Doing less also allows us to create an element of "empty space". This down time lets our bodies and minds relax and repair. It's like top sportspeople having built-in recovery time in their training. Both active and relaxing phases are necessary for balance and good performance.

Living more slowly allows us to focus on where we put our energy: we enjoy fewer things more deeply. Being less frantic means we have more chance to connect with what's around us, both our environment and people. Rather than pass like ships in the night we can spend meaningful time deepening and developing relationships.

There are times to be fast and there are times to be slow. We may not always have control over the pressures and pace of life, especially our work lives. Learn to control what you can. For many of us that will mostly be in our personal lives.

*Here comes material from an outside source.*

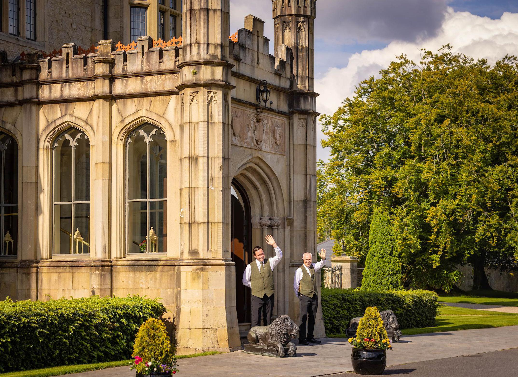 Staying within the castle allows guests to experience this storied setting at an unhurried pace. A VIP garden tour leads across lawns that slope gently towards the water, where swans glide across the surface, and mature trees frame the scene, their

First we need to figure out what our priorities and core values are. If we don't, then we risk focusing our time and energy on something that ultimately turns out to be a waste of effort. It also allows us to identify what's important and what's not, and gives us permission to let it go.

Next, think about what aspects of your life feel like they are too fast? What would you like to do more slowly? What things are paced just right?

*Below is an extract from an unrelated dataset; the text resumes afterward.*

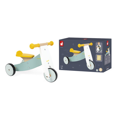 Prêts pour les premières virées ? Ce tricycle en bois est idéal pour les enfants dès 12 mois. Léger, stable et facile à manier, il accompagne les tout-petits dans leurs premières explorations. Un premier bolide qui file à toute allure… dans le salon ! Grâce à son assise basse de 23 cm, les petits pilotes peuvent monter et descendre facilement. C'est parfait pour avancer à son rythme ! Les poignées en silicone permettent une bonne prise en main. Avec ses trois roues bien stables et silencieuses, grâce au revêtement en caoutchouc, ce tricycle accompagne les premiers trajets sans crainte. Et pour encore plus de fun, une planche de stickers est incluse pour personnaliser le tricycle selon ses envies ! Ce porteur à trois roues aide à développer la motricité globale, l’équilibre et la coordination. Ce tricycle est en bois FSC™. Allez, en selle !

Focus on slowing down on the things that match your priorities and values. Allow more time to do the things you want to do and get comfortable with quiet or down time. Not every moment of every day needs to be actively filled.

The list of ideas for slowing down on this page is not exhaustive. What would slowing down look like for you? Take a little time to have a think about it and see where you can slow down and create pockets of calm.

Living slowly is not a new message, Aesop wrote about it in The Tortoise and the Hare in the 16th century and he most likely adapted it from early Greek and Latin stories. I wonder when we'll get the hang of it?

Jan Aitken is a Dunedin-based life coach.